Most recently, during his official visit to Jakarta last week, Malaysian Prime Minister Ismail Sabri Yaakob suggested promoting Malay as a potential ASEAN language.

But Education, Culture, Research and Technology Minister Nadiem Makarim turned down the proposal and instead contended that Indonesian would be the more appropriate language to promote regionally.

“With all the advantages of the Indonesian language, in terms of history and linguistics, and how it has been internationally recognized, I believe that it is more fitting for the Indonesian language to be at the forefront [of options] as a medium of communication for official ASEAN meetings," he said in a statement issued this week.

He added that Indonesian was widely taught in many university campuses, including in Europe, the United States, Australia and several Asian countries.

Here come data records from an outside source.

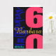 Cartão de Saudação de 60.º Aniversário personalizável com grande número (idade) e nome em cor rosa, azul escuro, amarelo-dourado e mint. Você pode facilmente alterar o texto (cor, fonte, tamanho e posição) clicando no botão personalizar. Estão disponíveis outros modelos. Correspondente ao 60º Aniversário do Livro de Convidados.
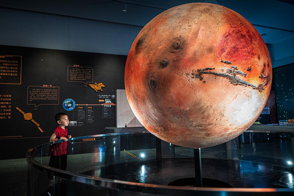 A boy visits a science fiction-themed planetary science experience exhibition at China Building Science Museum in Wuhan, central China's Hubei Province, July 18, 2025. (Xinhua/Xiao Yijiu)
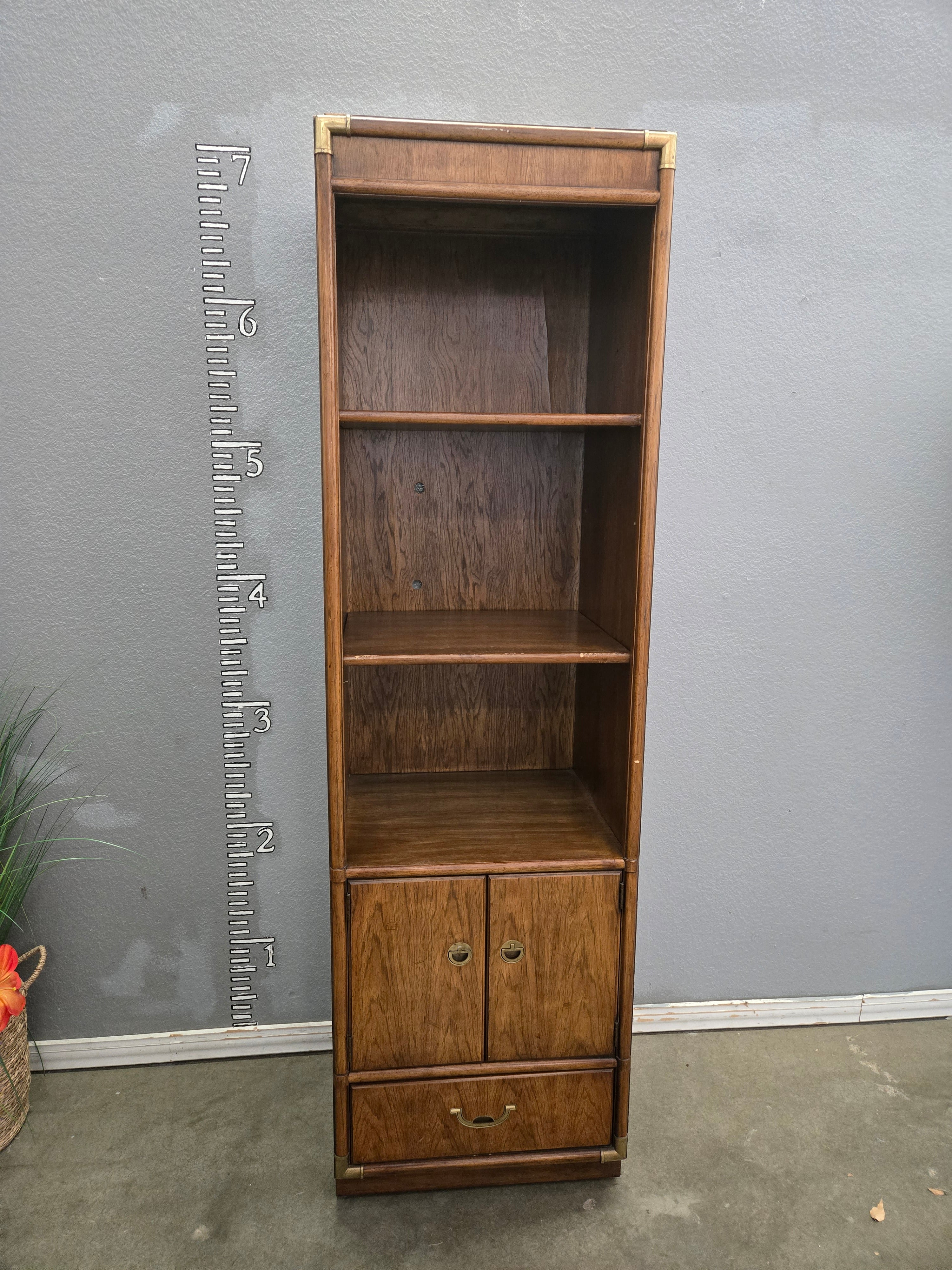 This elegant vintage bookshelf features a rich brown wood finish with brass accents, providing ample storage with three open shelves, a cabinet, and a drawer. The wood has a smooth, polished finish that showcases the natural grain beautifully. Approximate Size: 6.8 x 1.8 x 1.5

However, he said that because it was a “wish from an ally”, the Malaysian proposal could still be deliberated in further detail at the regional level.

Last month, Ismail Sabri said he would confer with the leaders of ASEAN to propose the use of Malay as the region’s second official language, in efforts to elevate the international standing of his country’s mother tongue.

The PM said that apart from being spoken in Malaysia, Malay was also used as a language for instruction in several neighboring countries such as Indonesia, Brunei and Singapore, as well as in southern Thailand, southern Philippines and in parts of Cambodia.

“There is no reason why we cannot make Malay an official language of ASEAN,” the PM said on March 23, as quoted by The Star.

Ismail Sabri is not the first Malaysian leader to float the idea. In 2017, then-prime minister Najib Razak proposed that Malay become the main language of ASEAN and one of the world’s major literary mediums.

Observers say Najib had attempted to burnish his political credentials by championing the Malay language ahead of the 2018 general elections, which he eventually lost.

Home to more than 275 million people, Indonesia makes up roughly half of ASEAN’s entire population. As its biggest economy, it is also the de facto leader of the bloc.

Judging by the number of speakers alone, the Indonesian language would have been considered a natural contender for ASEAN’s second lingua franca.

However, due to Southeast Asia’s diverse makeup, as well as the multitude of local and foreign languages in use, ASEAN leaders agreed to make English the official working language, enshrined in the 2007 ASEAN Charter.

Meanwhile, the official languages of Indonesia and Malaysia both have their roots in the classic Malay language that was native to eastern parts of Sumatra, the Malay Peninsula as well as surrounding islands.

It is due to the carving up of borders by Dutch and British colonists that Malay started developing into two distinct languages in the 20th century, historian James Sneddon wrote in his 2003 book on the Indonesian language.

Before the advent of the Indonesian state, the rulers of the Dutch East Indies encouraged the use of Malay as a lingua franca to allow them to communicate with their ethnically and linguistically diverse subjects, considering its wide use in trade across the region’s many port cities.

This later developed into the primary language for emerging nationalists of the early 20th century, Sneddon noted, culminating in the Second Youth Congress of 1928 proclaiming Indonesian as the language of national unity.

By the time Indonesia gained independence in 1945, Indonesian was further enshrined in the new constitution as the nation’s official language, while the language spoken in Malaysia remains closely related to the old Malay stemming from the Riau-Johor sultanate.